De vordering van de man in conventie die ertoe strekt de vrouw te verbieden de kinderen zonder toestemming van de man in te laten schrijven bij een andere school dan [school] te [woonplaats] en/ of bij een sportclub en/ of hulpverleningstraject, zal eveneens worden toegewezen. Immers, nu de vrouw in staat is gebleken om zonder toestemming van de man naar [woonplaats] te verhuizen, kan op voorhand niet worden uitgesloten dat zij de kinderen zonder toestemming van de man inschrijft voor een andere school, sportclub of hulpverleningstraject.
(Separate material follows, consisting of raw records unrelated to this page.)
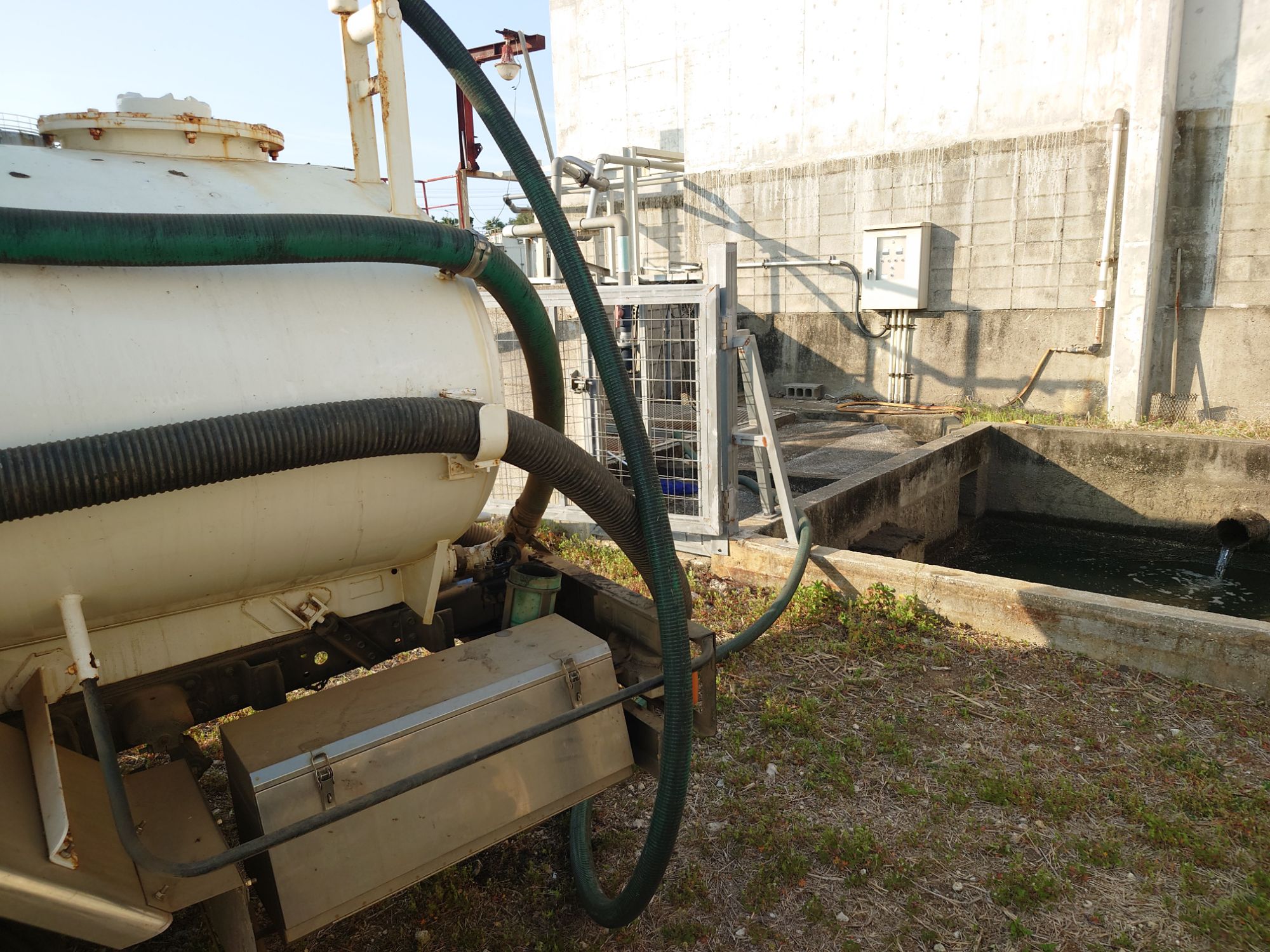 フェンスの吸引の時はいつもの捨て場に捨てていましたが、フェンスが終わった後にタンクを洗う所から吸引でした。
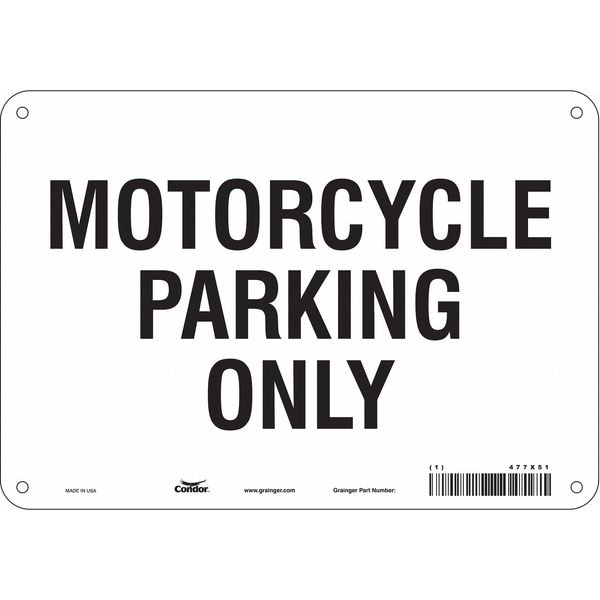 Motorcycle Parking Sign, Height 7 in, Width 10 in, Sign Material Aluminum, Sign Mounting Style Mounting Holes, Printed Language English, Sign Shape Horizontal Rectangle
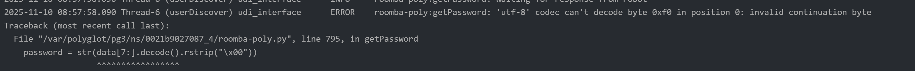 Well Roombas were working with 2, 0, 14 version and made the mistake of upgrading to the latest version 2.0.17. to see if it worked and installed the nodes Nodes stayed after update but lost abilty to control the rommba from the plugin ( could no activate the roomba from plugin) deleted the nodes in eisy and the plugin and reinstalled program gives error same as Lore is seeing above when trying to parse the password tried what worked with version 2.0.14 with having the roombas in linking mode on plugin install and that no longer works gives the same error in parsing the password not sure if you can go back to a later version (2,0,14) to see if that still works Roomba_11-10-2025_90648_AM.zip
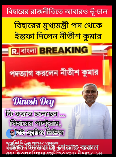 রিপাবলিক বাংলার একটি নিউজ ক্লিপ সোশ্যাল মিডিয়ায় ছড়িয়ে দাবি করা হচ্ছে যে, বিহারের মুখ্যমন্ত্রী পদ থেকে ইস্তফা দিয়েছেন নীতিশ কুমার এবং বিষয়টিকে সাম্প্রতিক বলা হচ্ছে।
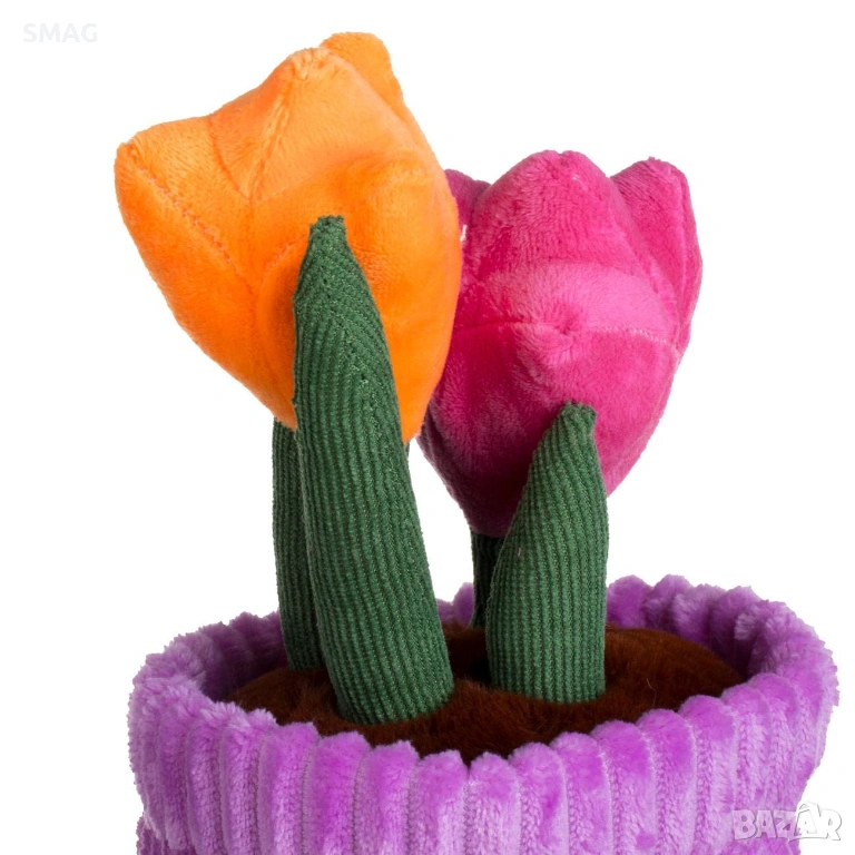 Декоративна плюшена саксия в лилав цвят с текстилни лалета в жълто и цикламeно – нежен и романтичен акцент за Свети Валентин. Подходяща е за украса на дом, офис или витрина, като внася свежест и уют. Отличен избор за оригинален подарък без нужда от поддръжка. Запазва красивия си вид през цялата година.
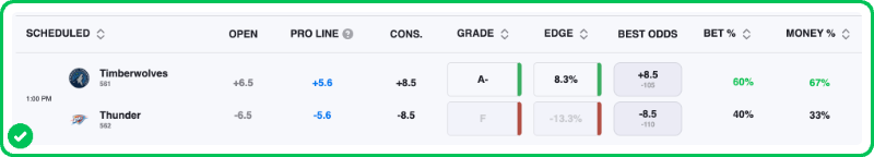 Action PRO projects the spread for this game at Thunder -5.6, suggesting that Oklahoma City is favored by almost three more points than they should be in this spot, which is a big enough edge to make Timberwolves +8.5 an A- play in our database.
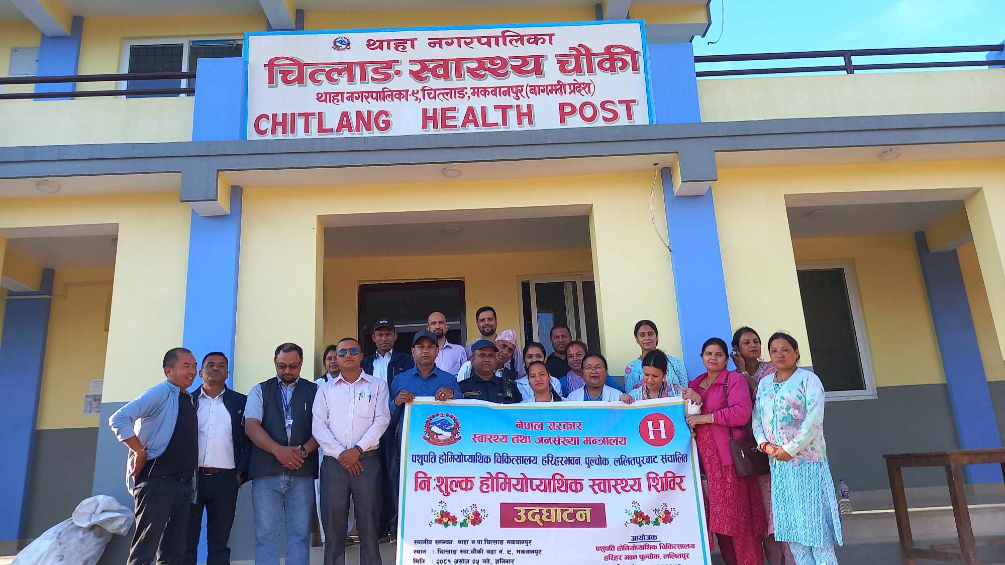 थाहा नगरपालिका अन्तर्गत रहेको चित्लाङ स्वास्थ्य चौकीमा ५ असोजमा एकदिने निःशुल्क होमियोप्याथिक स्वास्थ्य शिविर भएको छ । शिविरमा ५ सय ६५ जनाले सेवा पाएको चित्लाङ स्वास्थ्य चौकीका प्रमुख महेश्वर लामिछानेले जानकारी दिए ।
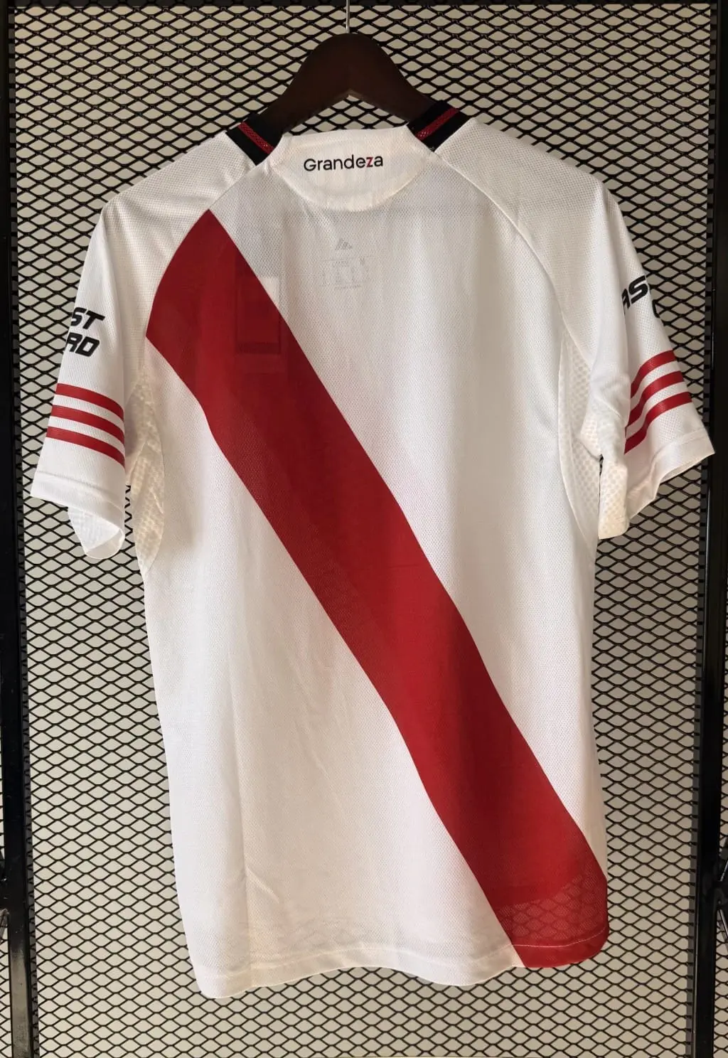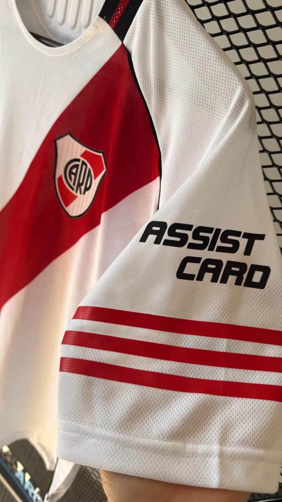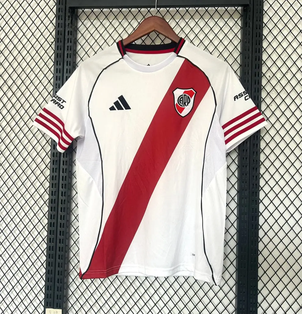 La camiseta titular de River Plate 2025, creada por Adidas, mantiene el emblema eterno de la banda roja sobre fondo blanco, símbolo de grandeza y pasión que trasciende generaciones.
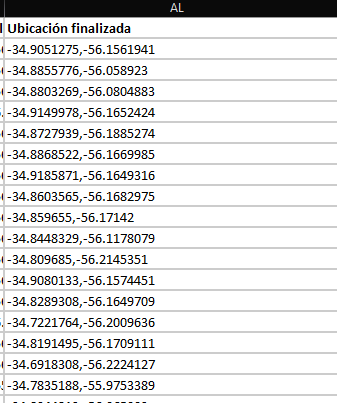 df[["lat", "lon"]] = df["Ubicación finalizada"].str.split(",", expand=True)
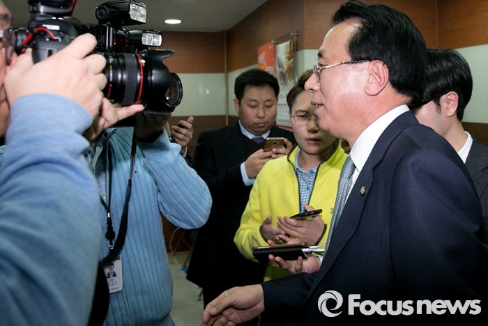 (서울=포커스뉴스) 새누리당 공천관리위원회 외부위원들이 김무성 대표의 사과를 요구하며 회의를 보이콧한 17일 오후 서울 여의도 당사에서 회의를 마친 김회선 위원이 취재진 질문을 받으며 나서고 있다.
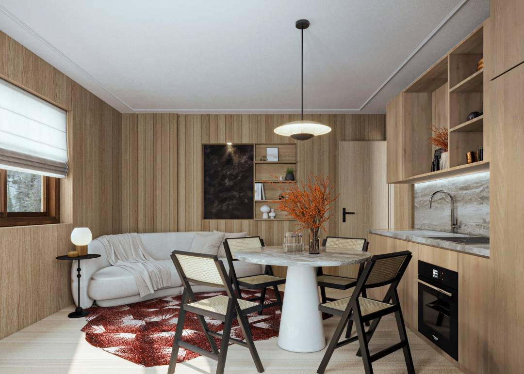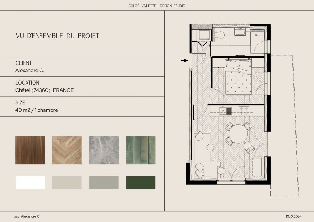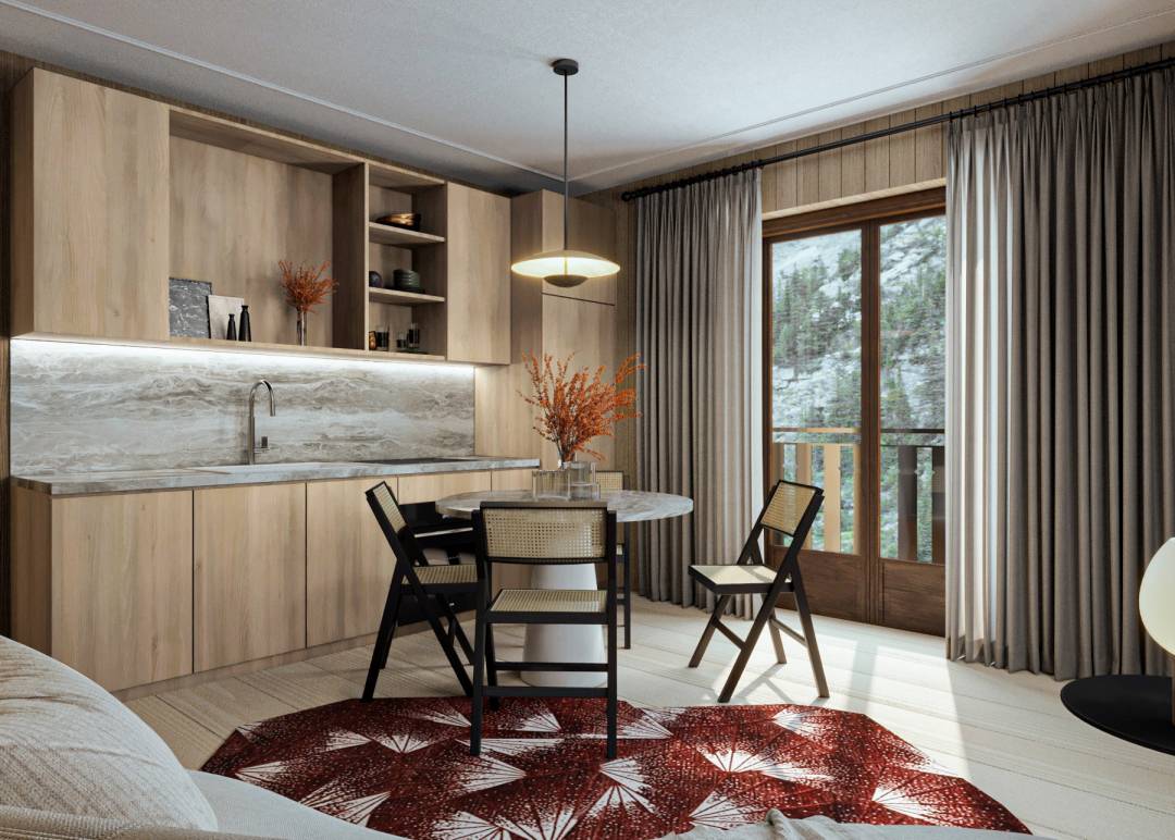 Cet appartement est typique des années 70 et du type de logements construits à la montagne pour les vacanciers à cette époque. La problématique était la suivante: rénover entièrement cette petite surface afin d'en faire, au choix, selon les besoins du propriétaire, une location saisonnière ou un pied à terre. Garder l'esprit montagnard en le modernisant, rendre l'espace pratique et confortable.
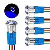 16mm 12-24V Latching Push Button Switch,Metal Copper Shell IP65 Waterproof,Ring Lamp Pattern Self-Locking 1NO 1NC (5PCS,Copper Ring Lamp)
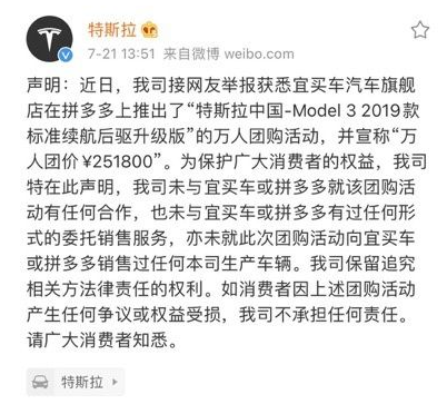 随后,特斯拉官方出来“打假”:没有与拼多多有任何合作,后续出现问题也不承担相关责任。
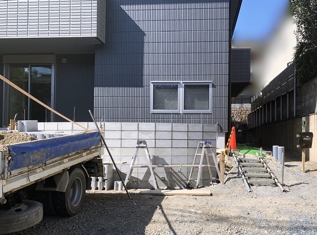 設計GLまで(写真で目地が白くなっている部分)はCP型枠ブロックでしっかり土留め。
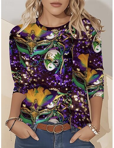 Camiseta de mujer Carnival con gráfico de moda vintage de manga larga cuello redondo tops regulares impresión diaria de fin de semana en púrpura verano primavera otoño
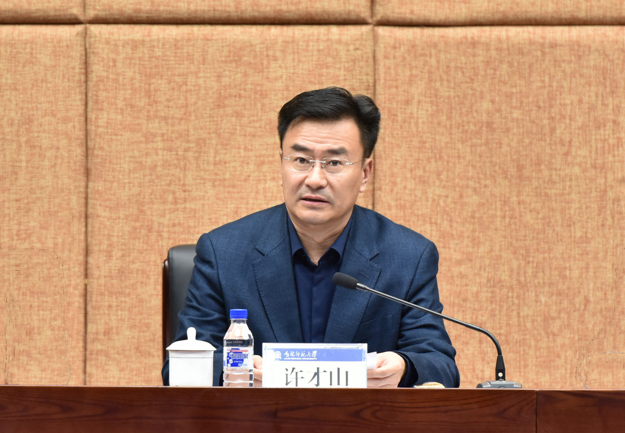 许才山指出本次会议的主要任务是:深入学习贯彻全国、全省教育大会和新时代全国高等学校本科教育工作会议精神, 认真领会习近平总书记在学校思政课教师座谈会上重要讲话要求,全面落实全省加快建设特色高水平本科教育工作部署,把思想、认识和行动高度统一到落实立德树人根本任务要求上来。聚焦“以本为本”,深刻领会高教大计、本科为本,人才培养为本、本科教育是根,充分认识本科教育在人才培养中的核心地位、在教育教学中的基础地位、在新时代教育发展中的前沿地位。聚焦“人才培养”,加快构建高水平人才培养体系,加快推进学校高水平本科教育建设,全面提高人才培养能力,奋力实现高水平太阳成集团tyc122cc入口建设目标。他就进一步落实好本次会议精神,做好本科教育工作,强调了五点意见。第一,坚持社会主义办学方向,培养出更多德智体美劳全面发展的社会主义建设者和接班人。第二,落实立德树人根本任务,教育引导学生树立共产主义远大理想和中国特色社会主义共同理想,肩负时代重任,立志扎根人民、奉献国家。第三,坚持本科教育优先发展,形成人人重视本科教育、人人关心本科教育、人人支持本科教育、人人服务本科教育的良好局面。第四,办好新时代学校思政课,聚焦“四个结合”,深入推进“六个持续优化”,切实将思政课当作“金课”打造,为办好思政课创造良好的政治生态和学术环境。第五,抓好会议精神贯彻落实,坚持“闯、创、破、立、调、推、稳、联、干”九字工作总基调,树立“一盘棋”思想,打造“一把手工程”。
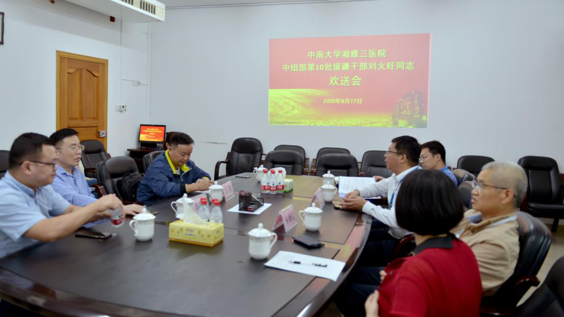 9月17日下午,医院综合楼一会议室举行了中组部第10批援疆干部刘火旺同志欢送会。医院党委副书记杨飞龙,党委委员、副院长朱晒红及相关科室和总支负责人参加了欢送会。
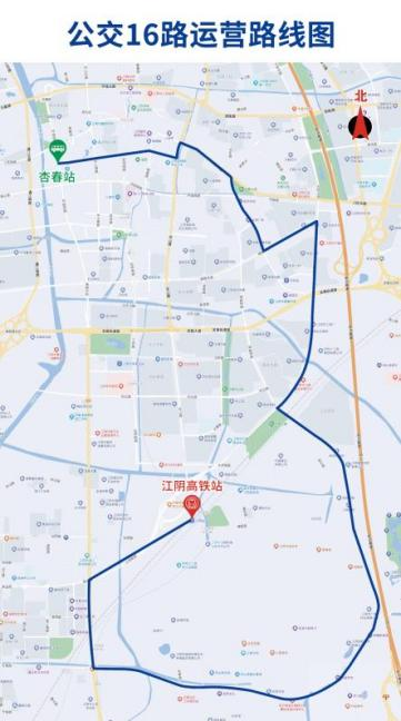 公交16路恢复原线及优化调整。由杏春站始发,沿南街—人民东路—绮山路—毗陵路—大桥南路—花东路—云南路—霞客大道—大桥南路—西桥路至江阴高铁站。
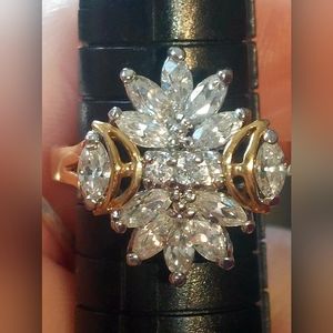 Size8 goldtone 14kge edco ring super sparkly rhinestones
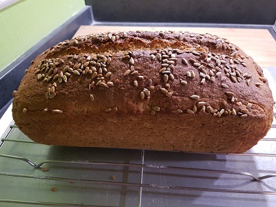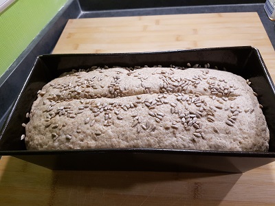 Den Teig mit etwas Wasser besprühen, ein paar Körner drauf (hier Sonnenblumenkerne) und für ca 50 Minuten ab in den Backofen!

Uitbreiding van de zorgregeling
4.13.
De wet kent een bijzondere rechtsgang voor het verkrijgen van een voorlopige voorziening hangende een bodemprocedure in een echtscheidingszaak, te weten de artikelen 821 tot en met 826 Rv (vgl. Hoge Raad 29 juni 2001, ECLI:NL:HR:AB2549). Hiermee heeft de wetgever beoogd een uitputtende en een snelle regeling te treffen voor maatregelen die snel moeten worden genomen in een echtscheidingsprocedure.
4.14.
De vordering van de man die strekt tot een uitbreiding van de contactregeling tussen hem en de kinderen valt naar het oordeel van de voorzieningenrechter onder artikel 822 lid 1 sub d Rv: het vaststellen van een regeling inzake de zorg- en opvoedingstaken. Bij voornoemde beschikking van 14 februari 2020 zijn de voorlopige afspraken van partijen ten aanzien van de verdeling van de zorg- en opvoedingstaken reeds vastgelegd. Met de vrouw is de voorzieningenrechter dan ook van oordeel dat de man, teneinde een wijziging van de deze regeling te bewerkstelligen, de weg van artikel 824 Rv had moeten bewandelen. Gelet hierop zal de man niet-ontvankelijk worden verklaard met betrekking tot zijn vordering in conventie onder 3.
4.15.
Gelet op de relatie tussen partijen zullen de proceskosten zowel in conventie als in reconventie tussen hen worden gecompenseerd, in die zin dat iedere partij de eigen kosten draagt.

5.De beslissing

De voorzieningenrechter:
in conventie
5.1.
verklaart de man niet-ontvankelijk in zijn vordering, strekkende tot wijziging van de contactregeling;
5.2.
veroordeelt de vrouw om binnen veertien dagen na betekening van dit vonnis met de kinderen van partijen terug te verhuizen naar [woonplaats] ;
5.3.
veroordeelt de vrouw om aan de man een dwangsom te betalen van € 200,00 voor iedere dag dat zij niet aan de onder 5.1 uitgesproken hoofdveroordeling voldoet, tot een maximum van € 15.000,00 is bereikt;
5.4.
bepaalt dat geen dwangsommen zullen worden verbeurd voorzover dit naar maatstaven van redelijkheid en billijkheid onaanvaardbaar moet worden geacht, in aanmerking genomen de mate waarin aan het vonnis is voldaan, de ernst van de overtreding en de mate van verwijtbaarheid van de overtreding;
5.5.
verbiedt de vrouw om de kinderen van partijen zonder toestemming van de man in te laten schrijven bij een andere school dan [school] te [woonplaats] en/ of bij een sportclub en/ of hulpverleningstraject anders dan tot op heden het geval is geweest;
5.6.
verklaart dit vonnis in conventie tot zover uitvoerbaar bij voorraad;
5.7.
compenseert de kosten van deze procedure tussen partijen, in die zin dat iedere partij de eigen kosten draagt;
5.8.
wijst het meer of anders gevorderde af;
in reconventie
5.9.
wijst de vorderingen af;
5.10.
compenseert de kosten van deze procedure tussen partijen, in die zin dat iedere partij de eigen kosten draagt.
Dit vonnis is gewezen door mr. E. Loesberg en in het openbaar uitgesproken op 29 april 2020.